Erken Yaşam ve Kariyer
Bruce, duygusal olarak uzak bir babanın eşini ve çocuklarını terk etmesiyle aile içinde zorluklarla karşılaştı. Babası çocuklara pek de ilgi göstermedi ve Bruce, okulda spor yapma veya kavgaya karışma konusunda babasını sık sık hayal kırıklığına uğrattığını itiraf etti. Bruce, liseyi zorlukla bitirerek, henüz 1950’lerde evi terk etti ve Toronto’da ilk işini buldu; Ford Motor Company için araba eskizleri yaratıyordu. Bu iş, Bruce için sadece para kazanmak anlamına gelmiyordu, aynı zamanda yeteneklerine inanmak, bağımsız bir yetişkin olmak ve nihayet hoş olmayan çocukluğundan kaçmak anlamına geliyordu.
Patlama ve Başarı
Bruce’un kariyerinde önemli bir adım, New York’a taşınmasıydı; burada ‘National Lampoon’ dergisi için çizer olarak hızla iş buldu. ‘National Lampoon’ ile çalışmak o zamanlar sadece bir iş değil, Amerika’nın en ünlü mizahçıları tarafından tanınma ve ülke genelinde tüm komedi şovları ve dergiler için tonu belirleme fırsatıydı. Derginin tirajı çok büyüktü ve itibarı çok yüksekti.
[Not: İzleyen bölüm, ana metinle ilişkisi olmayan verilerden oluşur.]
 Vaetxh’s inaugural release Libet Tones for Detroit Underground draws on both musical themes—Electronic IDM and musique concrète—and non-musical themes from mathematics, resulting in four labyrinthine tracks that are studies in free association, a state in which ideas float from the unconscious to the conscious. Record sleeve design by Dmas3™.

Birkaç yıl içinde Bruce McCall, Amerika genelinde tanınan bir isim haline geldi, çalışmaları gazetelerde yayınlandı. Toplumdaki ve Amerikalılardaki mizahı eleştiren çalışmaları şaşırtıcı derecede iyi karşılandı. İlk işi 1979’da ‘The New Yorker’ dergisinin kapağında yer aldı ve o zamandan beri Bruce, dergi için düzenli katkıda bulunan bir çizer ve çizer oldu. Çalışmaları sayısız kez kapağı süsledi ve onu ‘The New Yorker’ tarihinin en başarılı sanatçısı yaptı.
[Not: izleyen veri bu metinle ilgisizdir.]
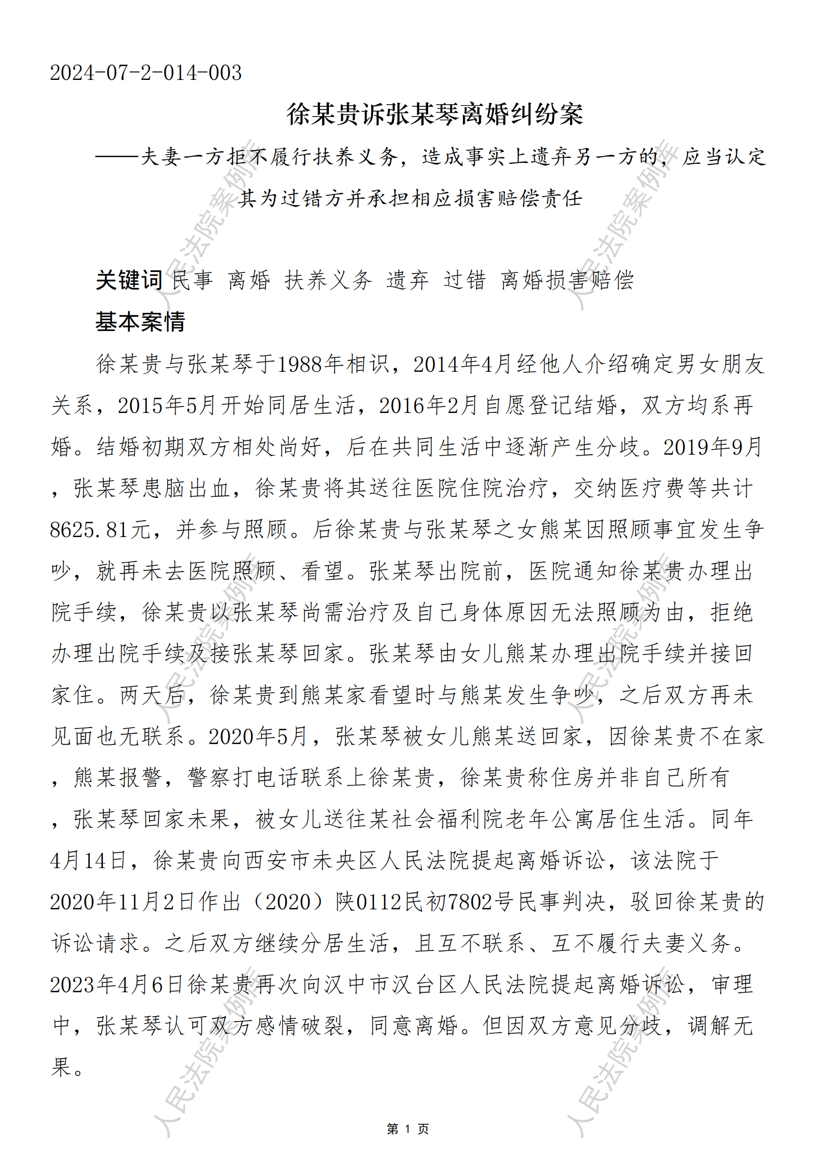 徐某贵诉张某琴离婚纠纷案

Benzersiz Mizah Anlayışı ve Nostaljik Gelecek
Bruce, başarılarına rağmen benzersiz mizah anlayışını ve karizmasını korumayı başardı. Bir konferansında Bruce, “Çocukluğumdan beri gelecek hakkında düşündüm,” dedi. “Ancak yaşlandıkça, insanlıkın sadece telefonlar değil, uçan arabalar ve uzay gemileri icat etmeleri gerektiğini unuttuğu gibi geldi.” Yeni yüzyılın başına gelindiğinde, Bruce’un 1950’lerin geleceğine olan inancı sarsılmıştı ve insanların rahat alanlarının ötesinde düşünme yeteneğini veya daha iyi bir gelecek için fedakarlık yapma kapasitesini yitirdiğine inancı kırılmıştı. Yarım yüzyıl önce insanların bilinçlerindeki değişimi tasvir etmek için Bruce, 20. yüzyılın en cesur fikirlerini temsil eden erken çalışmalarının bir sergisini yarattı; uçan arabalar, öğretmensiz okullar ve uzay yolculuğunu konu alan eserler. Bu tür yaratımlarının türünü “sahte nostalji” olarak adlandırdı; asla gerçekleşmeyecek bir geleceğin hayallerini temsil eder. ‘Faux Nostalgia’ adlı sergi, New York’ta düzenlendi ve popülerlik kazandı. Ayrıca bu eserleri popüler TED projesinde de sundu. Bruce’un diğer dikkat çeken çalışmalarından biri, ilkel insanların ateş keşfinden motorların ve ilk arabaların yaratılmasına kadar olan insanlıktaki ilerlemeyi gösteren kısa bir animasyon filmidir. Ancak, maalesef film, modern bir ofis çalışanının telefonuna bakarak yürürken yürüyen merdivenden düşmesiyle hüzünle sona erer. Bruce’a göre, bu insanlığın gerçek çöküşünü temsil eder, ne yazık ki gözlerimizin önünde gerçekleşen bir çöküştür.